An example of a conventional pinion stopper is shown in Japanese Utility Model Publication No. 53727/1980 in which an output shaft which is rotated by a rotation of an armature of the motor is formed in a stepped portion thereof with a helical spline composed of mounting grooves and stopper grooves which are arranged in parallel and alternatively with respect to the mounting grooves. The stopper grooves are terminated at an axial position remote from an end of the output shaft so that they become effective only when a pinion is driven. Lands of spline on the side of an over-running clutch correspond in number to the mounting grooves and a dedendum circle of the spline has a diameter larger than that of the output shaft. When an over running clutch thrust mounted movably on the output shaft is moved axially until it is disengaged from the spline and returned to an original position after it is rotated by one pitch, a spline lands formed on an inner periphery of the thrust becomes coincident in position with the stopper grooves of the herical spline, so that they can be meshed when the thrust is moved forwardly. As means for preventing the thrust spline from escaping rearwardly to the side of the armature motor and for limiting a rearward movement of the thrust spline, a stopper ring is mounted on the output shaft.
With such construction, in order to make the stopper grooves of the helical spline formed on the output shaft coincident with the lands of the thrust spline, it is necessary to rotate the over running clutch thrust spline. Therefore, it is necessary to provide a relief space on the side of the output shaft which is large enough to allow such rotation of the thrust spline and to provide another stopper ring for preventing the thrust spline from dropping out rearwardly after the positional matching between the lands of the thrust spline and the stopper grooves of the helical spline is obtained. The provision of such relief space leads to an undesired increase of overall length of the device.
An object of the present invention is to provide a pinion stopper by which an axial length of a starting motor can be minimized.
According to the present invention, the above object is achieved by forming a pinion engaging portion within a helical spline and providing a stopper member fixed to an over running clutch. The stopper member protrudes into the engaging portion, so that an axial movement of the over running clutch is restricted. The pinion engaging portion may be at least one groove and the stopper member may be a pin. Alternatively, the pinion engaging portion may comprise a plurality of grooves arranged alternatively in parallel with driving grooves of the helical spline and the stopper member may comprise a pair of ring halves having inner spline whose number of teeth corresponds to that of the grooves.

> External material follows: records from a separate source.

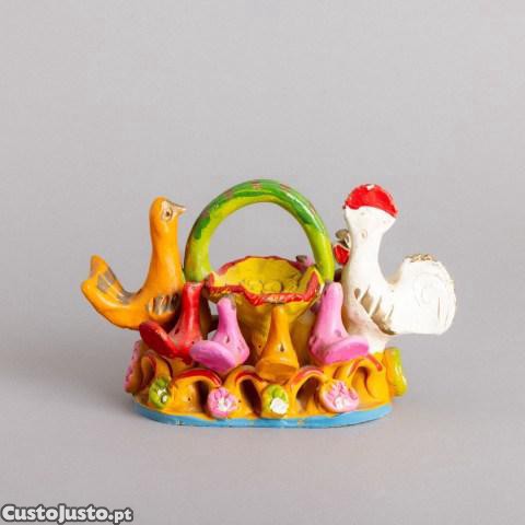 Grupo escultórico em barro pintado, decoração policromada, assinado. Sinais de uso e pequenas falhas.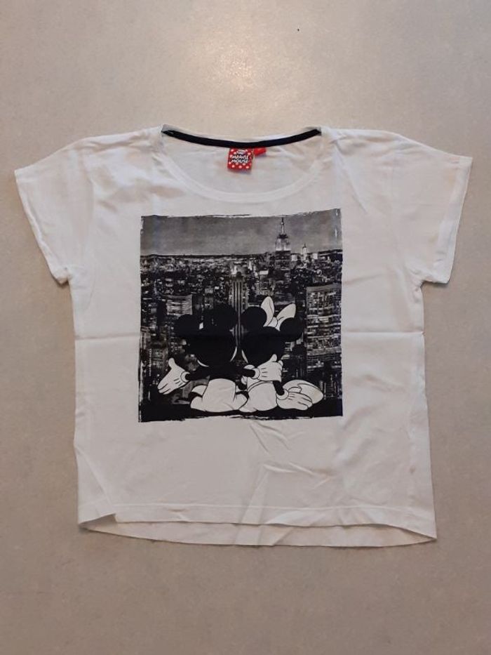 T-shirt de marque Disney maillot manches courtes, blanc imprimé Mickey Minnie Taille 16 ans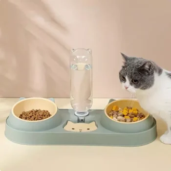 Double Dog & Cat Bowls with Water Dispenser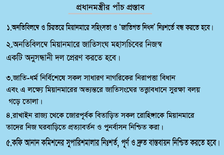 রোহিঙ্গা সংকট নিরসনে বাংলাদেশের প্রধানমন্ত্রী তার পাঁচটি প্রস্তাব তুলে ধরেন। এর মধ্যে রয়েছে, অনতিবিলম্বে ও চিরতরে মিয়ানমারে সহিংসতা ও ‘জাতিগত নিধন’ নিঃশর্তে বন্ধ করা, অনতিবিলম্বে মিয়ানমারে জাতিসংঘ মহাসচিবের নিজস্ব একটি অনুসন্ধানী দল প্রেরণ , জাতি-ধর্ম নির্বিশেষে সকল সাধারণ নাগরিকের নিরাপত্তা বিধান করা এবং এ লক্ষ্যে মিয়ানমারের অভ্যন্তরে জাতিসংঘের তত্ত্বাবধানে সুরক্ষা বলয় গড়ে তোলা। রাখাইন রাজ্য থেকে জোরপূর্বক বিতাড়িত সকল রোহিঙ্গাকে মিয়ানমারে তাদের নিজ ঘরবাড়িতে প্রত্যাবর্তন ও পুনর্বাসন নিশ্চিত এবং কফি আনান কমিশনের সুপারিশমালার নিঃশর্ত, পূর্ণ ও দ্রুত বাস্তবায়ন নিশ্চিত কথাও বলা হয়েছে এই প্রস্তাবে।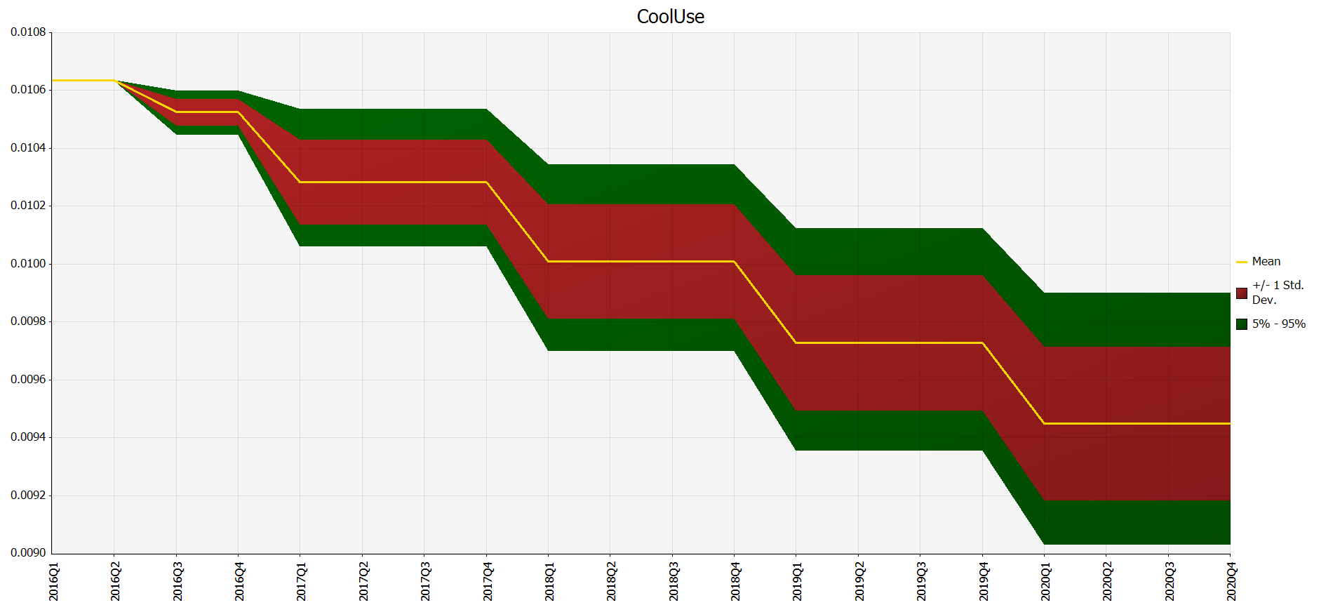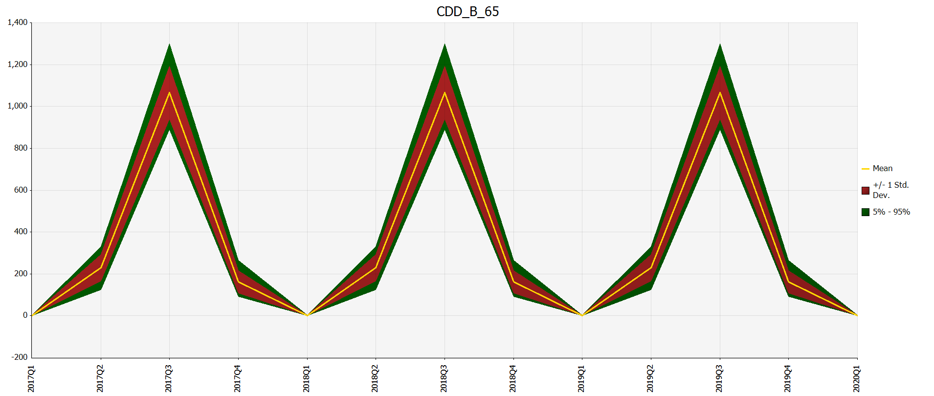 As the graph below illustrates, introducing weather variability into the model based on observed weather patterns allows the firm to gain perspective on how much their forecast would be expected to vary in any given period: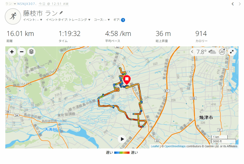 早朝3:14スタート。靴は、「adidas supernova rise2」。自宅から青木中央公園、岩城神社、青南町、高岡、大洲、泉町、高洲、兵太夫を経由して自宅に戻り、予定よりも少し長めの16KM完走。マラソンの疲労はだいぶ抜けたと思うが、ハムストリングスの張りは注視したい。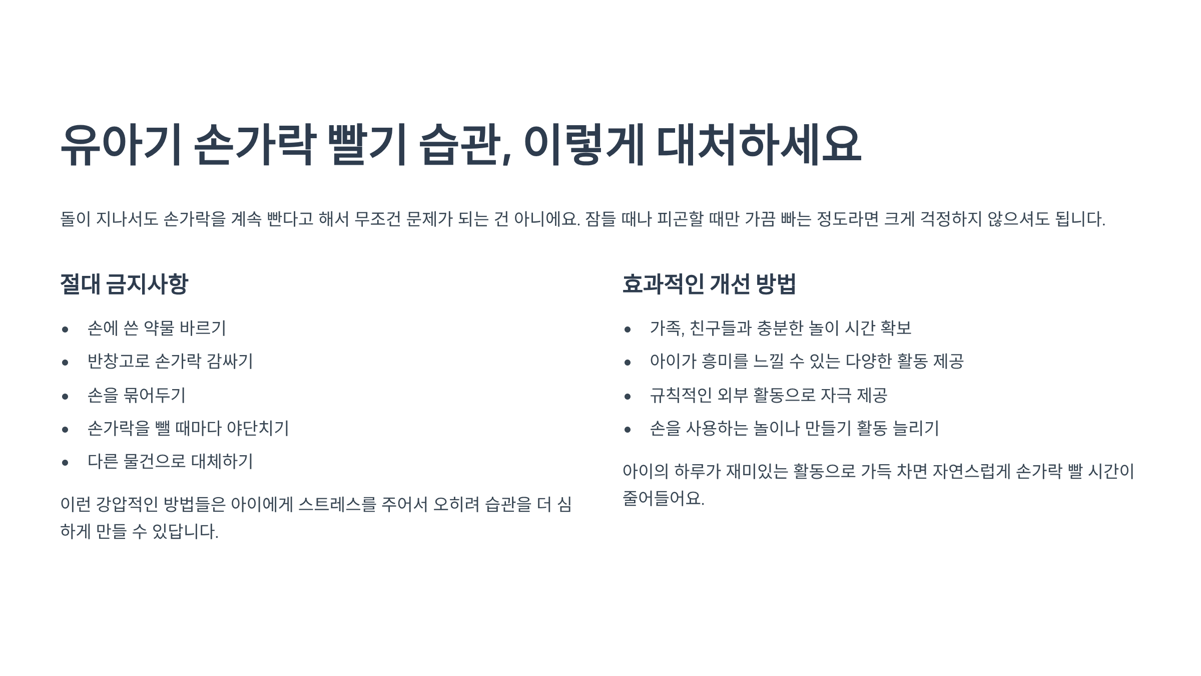 이런 강압적인 방법들은 아이에게 스트레스를 주어서 오히려 손가락 빨기 습관을 더 심하게 만들 수 있답니다.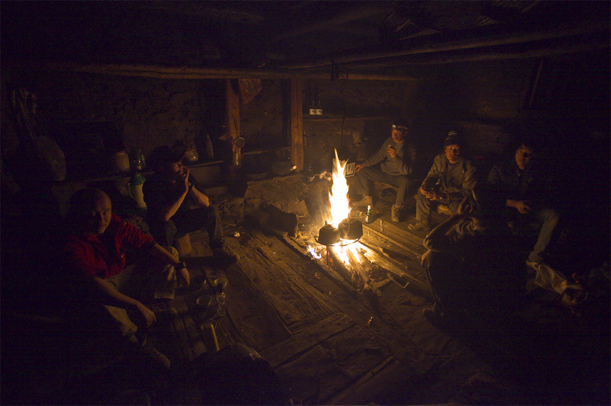 冬季调查,篝火围坐(董磊 供图)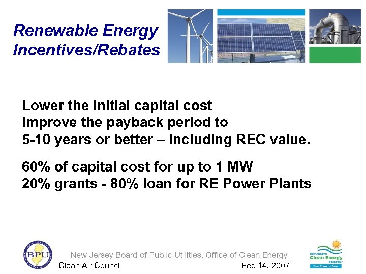 Renewable Energy Incentives/Rebates Lower the initial capital cost Improve the payback period to 5 -10 years or better – including REC value. 60% of capital cost for up to 1 MW 20% grants - 80% loan for RE Power Plants Clean Air Council Feb 14, 2007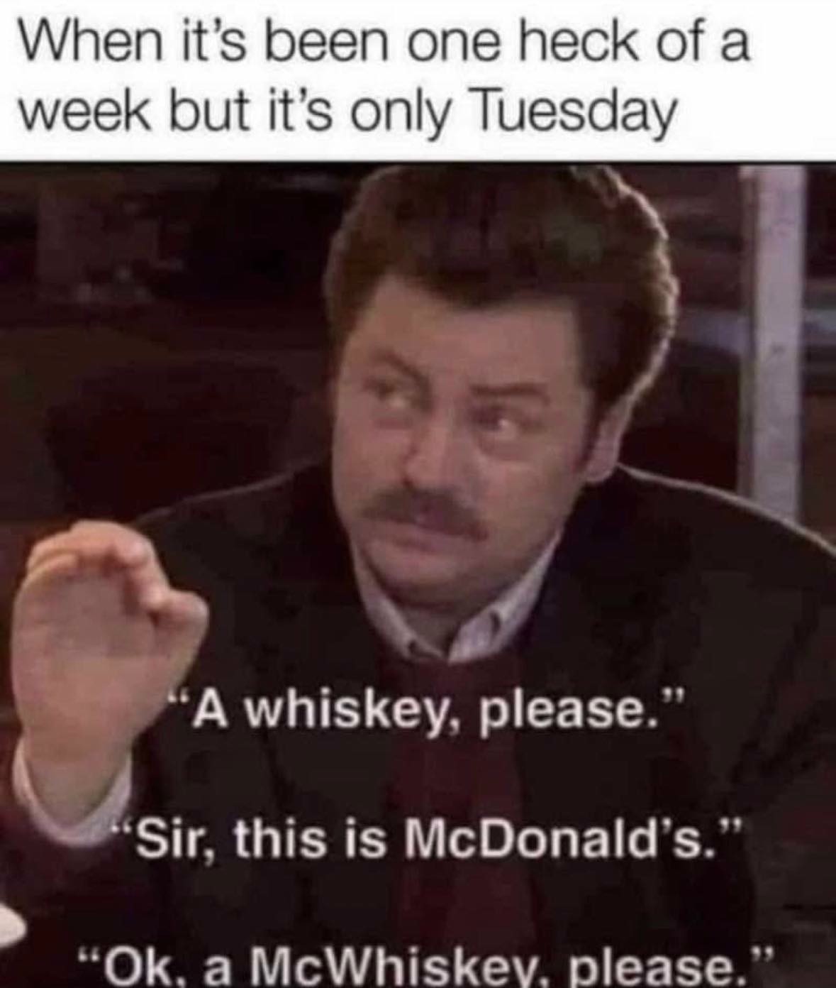 When it's been one heck of a week but it's only Tuesday / "A whiskey, please." / "Sir, this is McDonald's." / "Ok, a McWhiskey, please."

The ring halves may be prepared by cutting an annular inner splined ring.
Therefore, since the stopper member is always in the pinion engaging portion, the necessity of positional matching by rotating the over running clutch spline as in the conventional device is eliminated. Further, since it is unnecessary to rotate the over running clutch spline, it is unnecessary to provide such space as required by the conventional stopper device, resulting in a minimized overall length of the starting motor.
FIG. 1 is a cross sectional side view of an embodiment of the present invention;
FIG. 2 is a side view of a portion thereof;
FIG. 3a is a plan view of a stopper member thereof;
FIG. 3b is a cross section taken along a line III--III in FIG. 3a;
FIG. 4 is a cross sectional side view of another embodiment of the present invention; and
FIG. 5 is a cross section taken along a line V--V in FIG. 4.
In FIG. 1 which shows an embodiment of the present invention in cross section and FIG. 2 which is a side view of an output shaft portion of a planet arm thereof, a solar gear 1a is provided on an output shaft 1 of an armature and meshes with planet gears 2 which mesh with an internal gear 3. The planet gears 2 are supported through sleeve bearings 4 by pins 5 pressure-inserted into arm portions of a planet arm 6. Rotational force of the armature output shaft 1 is transmitted through the solar gear 1a and the planet gears 2 to the planet arm 6, through helical spline 6b and 6c provided in an output shaft portion 6a of the planet arm 6 to a thrust spline 8 meshed therewith and then through rollers 9 and an over running clutch output shaft 10 to a pinion 11 fitted thereon. The helical spline provided on the output shaft portion 6a of the planet arm 6 includes at least one engaging groove 6b and driving grooves 6c. The pinion engaging groove 6b is arranged in parallel with the driving grooves 6c. Both ends of the engaging groove 6b are closed while a remote end of each driving groove 6c from the planet arm 6 is opened.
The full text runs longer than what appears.